Ranov stares the upcoming road head-on, barely caring to stop his fall. He lands comfortably upon his kitchen counter. “Oh, now this gives me an idea.”

Scott’s throat goes hoarse as his chair flies straight down at the window. The chair is slightly wider than the sill, and catches, but Scott still croaks as his right arm’s humerus thwacks against it.

Scott doesn’t see any bodies falling down to the asphalt– only small items and the odd bit of furniture. But the screams he hears tell him that could change any moment.

“Don’t worry, man, a lil’ luck and you’ll be just fine!” Ranov calls.

Gavin, an accountant for Thomas & Reeds, is on his way home. He’d be staying over at his brother’s tonight; his house was closer, would let him get off the highway faster. It’s the damndest thing– he’d woken up at 8, as usual, and done nothing particularly taxing in the office. Why is he so tired?

Ahead of Gavin, an apartment is entering a free-fall, the forces holding it aloft dissipating. It turns in the air as it comes, sending the lights of the highway off in new directions with its windows.

The building rotates, facing Scott’s side away from the street and sending him spiraling loudly to the room’s opposite end. 

If Scott’s eyes hadn’t been puckered hard as his crack, he may even have seen the accountant, down there in his car. Before the building gavel-strikes on him and two other automobiles, that is.

The bricks cry deafeningly as they are ground beneath gravity’s heel, onto the road’s face. Scott is rocked more than violently, and is quickly knocked downside the head– knocked unconscious.

For a time, he is swimming in a thunder-storm. Dodging lightning, and only barely.

When he wakes he is buried, and hurting, but free– the chair has broken, though surely an elbow with it. His hands remain rope-bound, but he can move.

The sky is open to him now– Scott looks at its stars, doubling in his hazed vision, through a newly caved-in wall. Not one bit of rubble has fallen onto his body. He saw pieces, almost outlining him– each one large and thick enough to have killed him twice over.

He cranes his neck down, to look at the street. He sees, hears cars– nigh all of them rush by, threading into the half of road the building now covers. Some of them have stopped, however, and more are slowing down, a ways before the building. There was a jam forming.

But, beyond that– Scott could hear something far, far up the road. Even over the sound of uncaring motorists.

The sound of screeching wheels and rending metal. 

Far ahead, though Scott can barely make it out, Ranov is walking down the highway– away from the building and opposite to traffic. 

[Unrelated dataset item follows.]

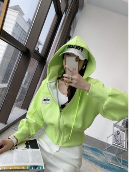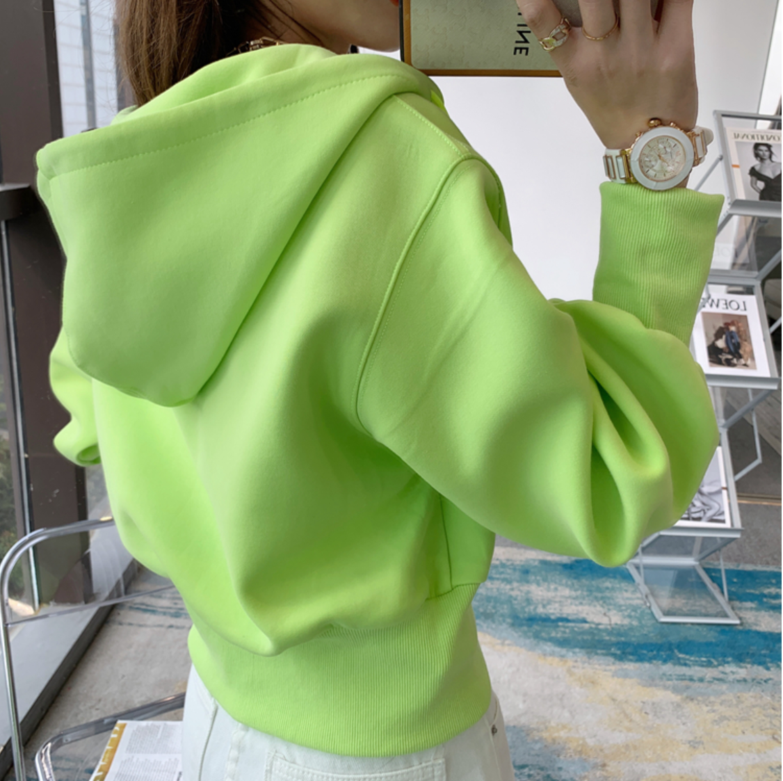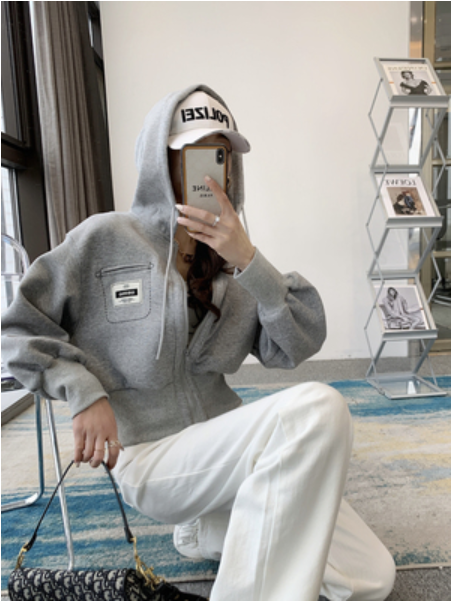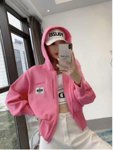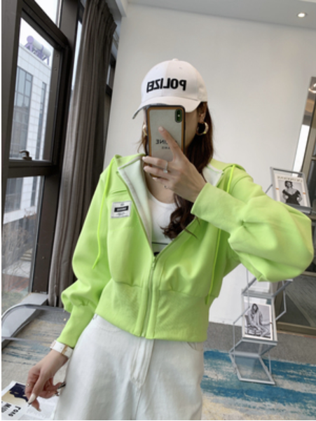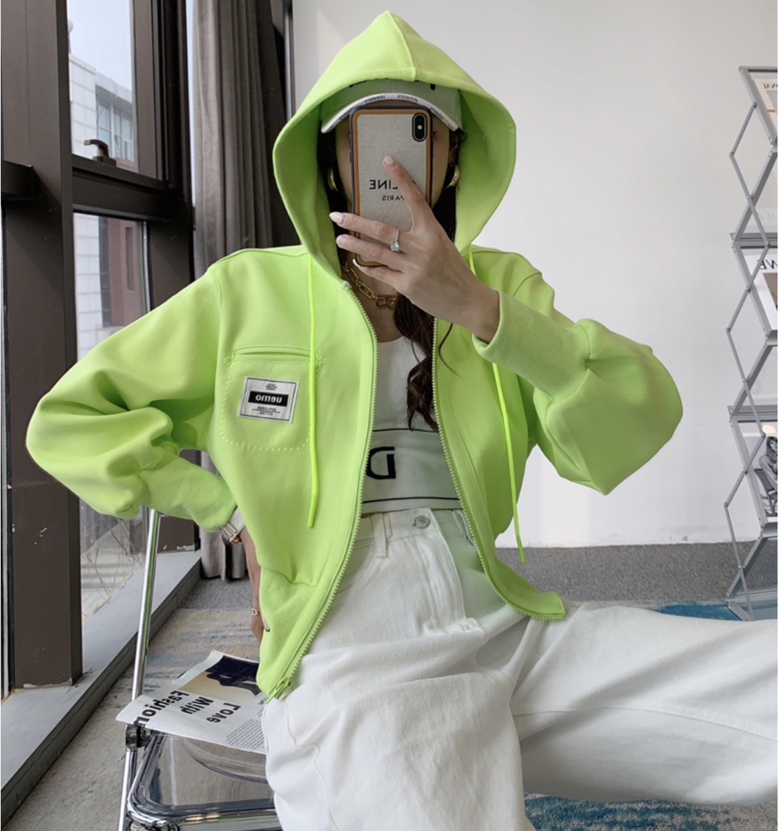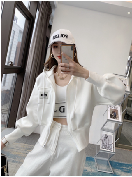 短款连帽外套女2021春季新款韩版宽松休闲简约减龄chic卫衣开衫潮

He walks dead-center upon the middle lane, and every car that would hit him instead veers off to the side, to invariably destructive effect. Drivers fall asleep at the wheel and drift into the dividers, some swerve too panickedly and smash into others– none, not even with shrapnel, touch Ranov. 

He looks back; Oakville’s little vigilante would be the first to see– then, when the news arrives– the world.

Ranov shucks off the tight-fitting flash-gauntlet, and tosses it into the path of a soon-to-crash car.